The invention relates to detecting cancer.


Bladder cancer represents the fifth most common neoplasm and the twelfth leading cause of cancer death in the United States, where over 53,000 new cases are diagnosed each year. Over 95% of bladder cancer cases in the United States are transitional cell carcinoma (TCC, sometimes referred to as urothelial cell carcinoma). Tumor state is the best predictor of prognosis for patients with bladder cancer. Bladder cancer is staged according to the depth of invasion of the tumor and whether or not there are lymph node or distant metastases.
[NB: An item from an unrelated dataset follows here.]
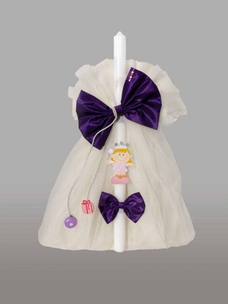 Lumanare de botez, imbracata in tul alb, accesorizata cu figurina fetita printesa si doua funde mov din satin. Acest model este ideal pentru botezul baieteilor.

Non-invasive papillary tumors (the most common and least aggressive type of bladder tumor) are referred to as stage pTa tumors. “Flat” TCC, more commonly referred to as “carcinoma in situ” (CIS) is a more aggressive but less common tumor that is associated with a high rate of progression to invasive disease. CIS is assigned a stage of pTIS. Tumors that have invaded through the basement membrane of the epithelium into the underlying lamina propria are assigned a stage of pT1. A tumor that has invaded the muscle of the bladder is a stage pT2 tumor. Invasion through the muscle into the tissue surrounding the bladder is a pT3 tumor. Invasion into surrounding organs is a pT4 tumor. The term “superficial” bladder cancer refers to pTa, pTIS, and pT1 tumors. Muscle-invasive bladder cancer refers to pT2, pT3 and pT4 tumors.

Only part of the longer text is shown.